The material below holds pictures; leave them out and reproduce exactly the lines from the one with "近日,阿姐汪明荃出席TVB周" through the one with "Le FROG 62, son", inclusive.

* **Data to process**:
········

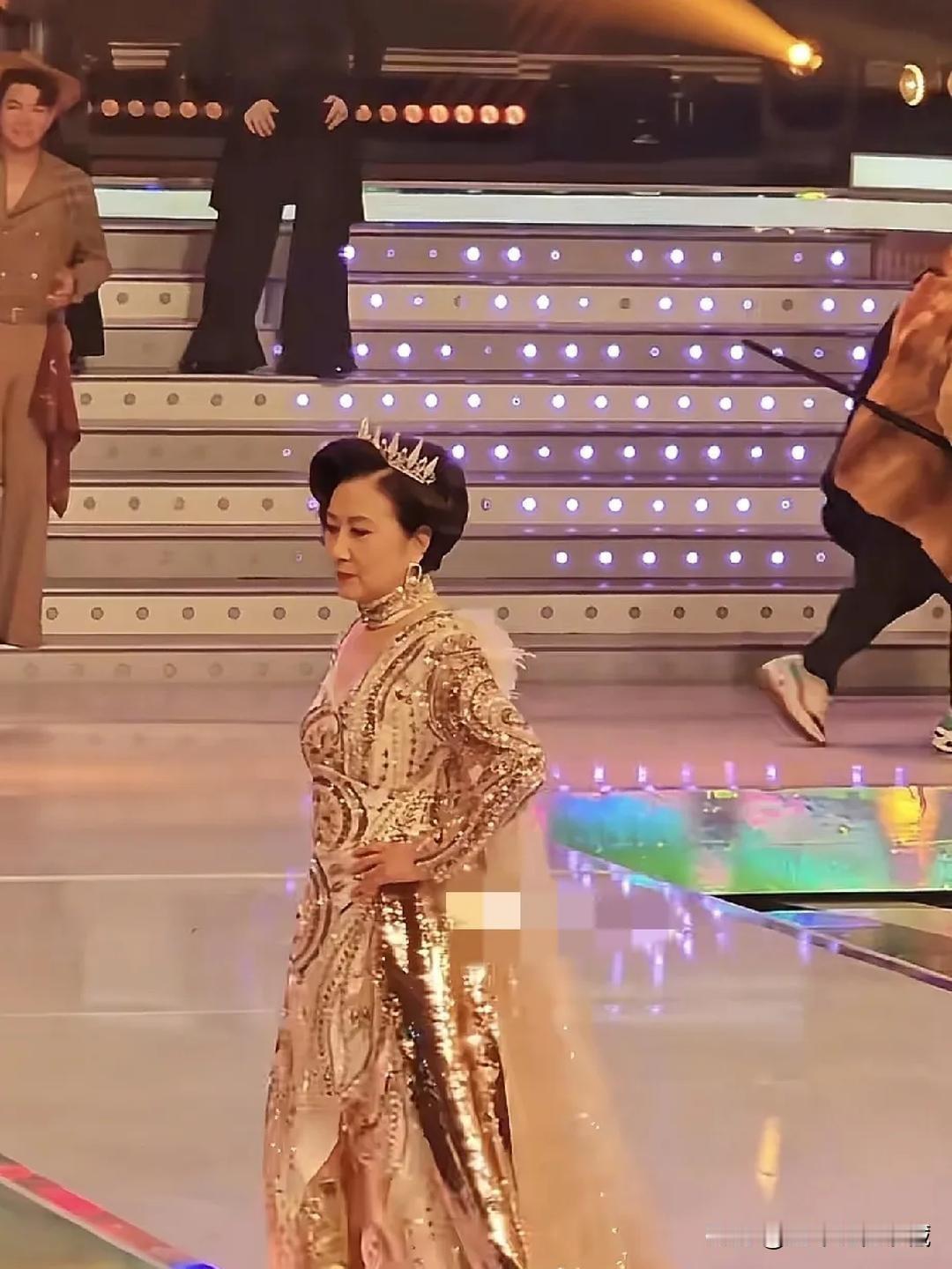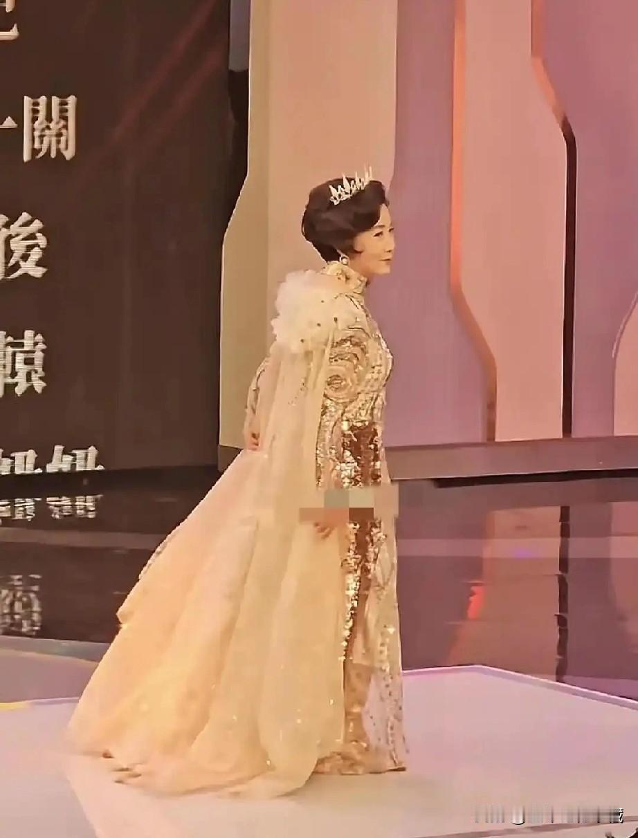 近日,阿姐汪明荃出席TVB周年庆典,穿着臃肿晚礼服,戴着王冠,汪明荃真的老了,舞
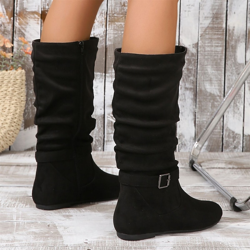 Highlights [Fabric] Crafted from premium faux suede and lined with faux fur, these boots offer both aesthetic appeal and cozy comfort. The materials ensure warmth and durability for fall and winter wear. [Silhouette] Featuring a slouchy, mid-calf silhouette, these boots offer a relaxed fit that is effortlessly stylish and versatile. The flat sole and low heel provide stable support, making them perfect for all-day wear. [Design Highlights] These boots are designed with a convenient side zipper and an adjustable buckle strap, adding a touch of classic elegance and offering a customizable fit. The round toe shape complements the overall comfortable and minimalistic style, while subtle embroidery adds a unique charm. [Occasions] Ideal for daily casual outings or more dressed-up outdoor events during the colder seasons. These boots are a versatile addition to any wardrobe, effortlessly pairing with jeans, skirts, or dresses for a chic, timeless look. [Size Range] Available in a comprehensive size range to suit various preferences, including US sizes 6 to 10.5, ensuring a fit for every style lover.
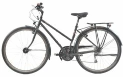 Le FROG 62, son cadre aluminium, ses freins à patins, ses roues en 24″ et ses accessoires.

········

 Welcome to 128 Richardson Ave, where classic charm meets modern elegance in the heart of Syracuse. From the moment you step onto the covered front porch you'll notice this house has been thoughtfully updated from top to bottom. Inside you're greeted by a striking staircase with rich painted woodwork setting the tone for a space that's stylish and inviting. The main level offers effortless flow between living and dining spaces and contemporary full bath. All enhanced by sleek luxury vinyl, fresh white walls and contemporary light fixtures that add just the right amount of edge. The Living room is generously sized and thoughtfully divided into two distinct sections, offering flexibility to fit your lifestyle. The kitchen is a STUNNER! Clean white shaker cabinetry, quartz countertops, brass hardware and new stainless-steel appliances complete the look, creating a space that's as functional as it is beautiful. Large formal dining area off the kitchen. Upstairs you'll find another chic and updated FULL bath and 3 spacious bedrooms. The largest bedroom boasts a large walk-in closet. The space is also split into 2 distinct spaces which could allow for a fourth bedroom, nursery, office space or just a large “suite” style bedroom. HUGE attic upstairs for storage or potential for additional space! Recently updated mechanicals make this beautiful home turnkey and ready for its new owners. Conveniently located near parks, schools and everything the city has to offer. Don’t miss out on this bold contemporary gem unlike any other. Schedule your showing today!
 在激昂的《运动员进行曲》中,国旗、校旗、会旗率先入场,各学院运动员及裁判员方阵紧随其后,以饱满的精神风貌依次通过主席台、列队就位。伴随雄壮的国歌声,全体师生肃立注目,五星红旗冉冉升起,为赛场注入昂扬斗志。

········

* **Answer section**:
 近日,阿姐汪明荃出席TVB周年庆典,穿着臃肿晚礼服,戴着王冠,汪明荃真的老了,舞
 Highlights [Fabric] Crafted from premium faux suede and lined with faux fur, these boots offer both aesthetic appeal and cozy comfort. The materials ensure warmth and durability for fall and winter wear. [Silhouette] Featuring a slouchy, mid-calf silhouette, these boots offer a relaxed fit that is effortlessly stylish and versatile. The flat sole and low heel provide stable support, making them perfect for all-day wear. [Design Highlights] These boots are designed with a convenient side zipper and an adjustable buckle strap, adding a touch of classic elegance and offering a customizable fit. The round toe shape complements the overall comfortable and minimalistic style, while subtle embroidery adds a unique charm. [Occasions] Ideal for daily casual outings or more dressed-up outdoor events during the colder seasons. These boots are a versatile addition to any wardrobe, effortlessly pairing with jeans, skirts, or dresses for a chic, timeless look. [Size Range] Available in a comprehensive size range to suit various preferences, including US sizes 6 to 10.5, ensuring a fit for every style lover.
 Le FROG 62, son cadre aluminium, ses freins à patins, ses roues en 24″ et ses accessoires.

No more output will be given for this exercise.